*Instructions for the task:*
The result should be an exact copy of only the lines from the one holding "don't need a" through the last line of the data below, please, without pictures.

*Data below:*

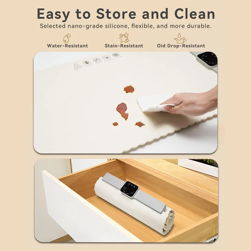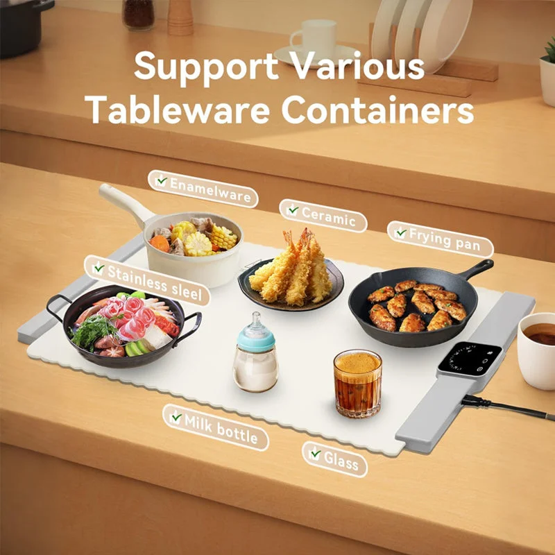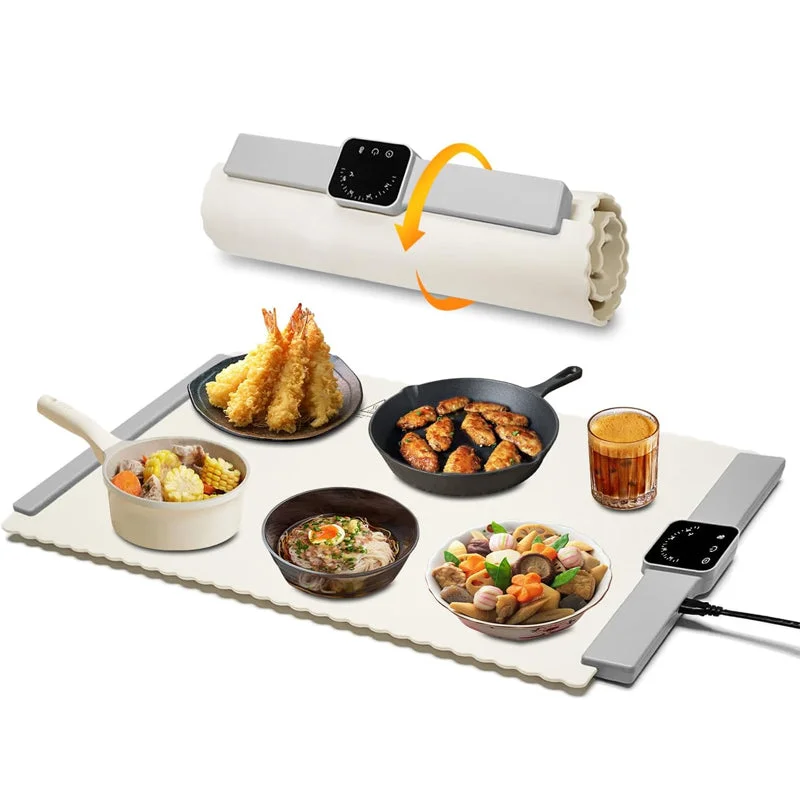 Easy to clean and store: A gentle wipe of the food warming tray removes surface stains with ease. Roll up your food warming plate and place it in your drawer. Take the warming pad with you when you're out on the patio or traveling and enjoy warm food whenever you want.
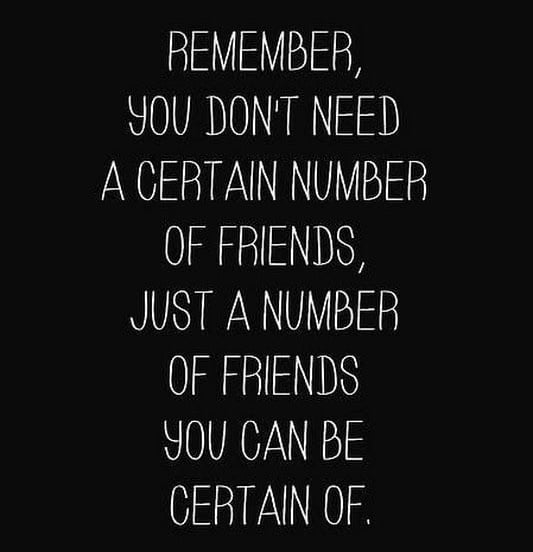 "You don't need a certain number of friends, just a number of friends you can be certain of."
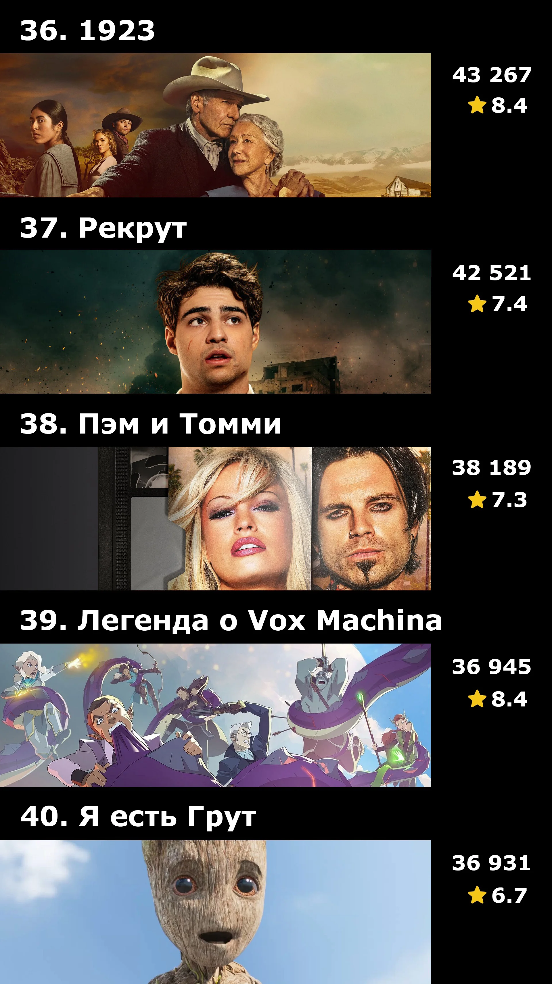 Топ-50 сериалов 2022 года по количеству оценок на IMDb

*Finished task:*
 "You don't need a certain number of friends, just a number of friends you can be certain of."
 Топ-50 сериалов 2022 года по количеству оценок на IMDb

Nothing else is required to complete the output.